When I plot the predicted fit, it is clear that the model has overfit the data (observed data points are superimposed in black). I tried different parameters (choice of smoother, smoothing parameter estimation method, and gam.control options such as epsilon, maxit, mgcv.tole, etc.) but have not been able to fix this issue. I would appreciate your help!

plot(t.pred, fit.pred, type="l", lwd=2, col="red")  
points(time, data)

Overfit model
I'm also including a trellis plot of raw data, where observations are connected by lines, suggesting the correct trend for the fit.
RawData

Best Answer

The problem is what you mean by 'smooth' here. If you really want a curve that is smooth w.r.t. time and passes through the spike in the data at time 1 then it will have to vary enormously on the y scale. But in reality smoothness on a transformed time scale is probably what is wanted here.

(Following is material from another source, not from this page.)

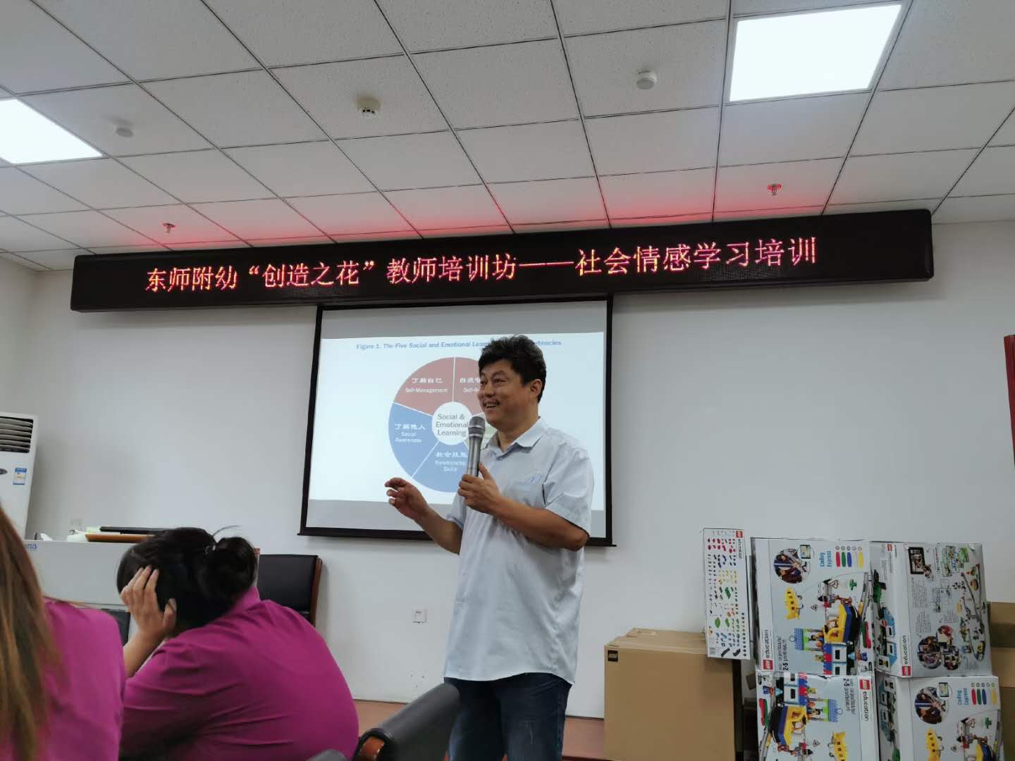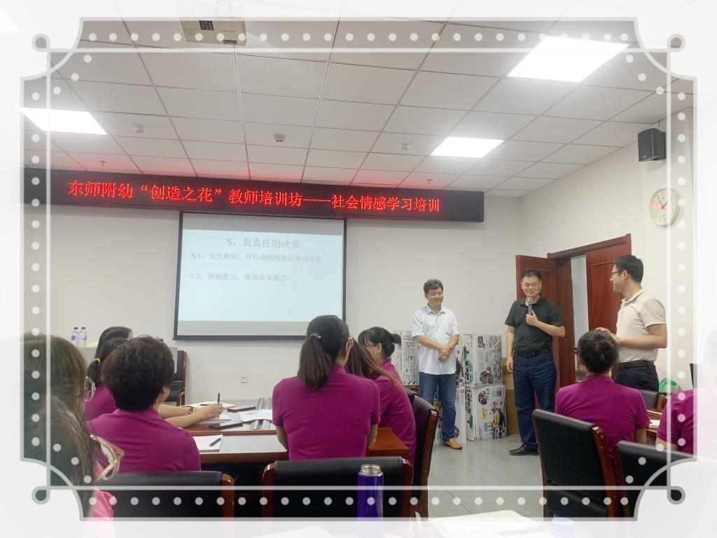 依托教育部幼儿园园长中心与联合国儿童基金会的“社会情感学习”(SEL)合作项目,幼儿园还邀请心理学院盖笑松院长,开展了社会情感学习专项培训,旨在进一步提升教师的社会情感学习实践能力。讲座中,盖笑松教授从了解自己、了解他人、自我管理、负责的决策、社会技能五大方面二十条内容,对幼儿情感学习进行了由浅入深的剖析,不仅使全体教师在理论层面上有所提升,更加激发了全体教师参与特色课程创编的热情!

For example if we assume smoothness on the 4th root of time scale then the plots look much more like what you probably wanted (I've used uneven spacing for t.pred to make sure the rapidly varying region is well represented)...

fit <- gam(data ~ s(I(time^.25), k=6, bs="cr") + s(subject, bs="re") + 
s(time, subject, bs="re"),family=gaussian(), method="REML")  

t.pred <- seq(0,2160^.25,length.out=2000)^4 
fit.pred <- predict(fit, newdata=data.frame(time=t.pred,subject="C"),
type="response",exclude=c("s(subject)","s(time,subject)"), se.fit=F)  
plot(time,data)
lines(t.pred, fit.pred,lwd=2,col="red")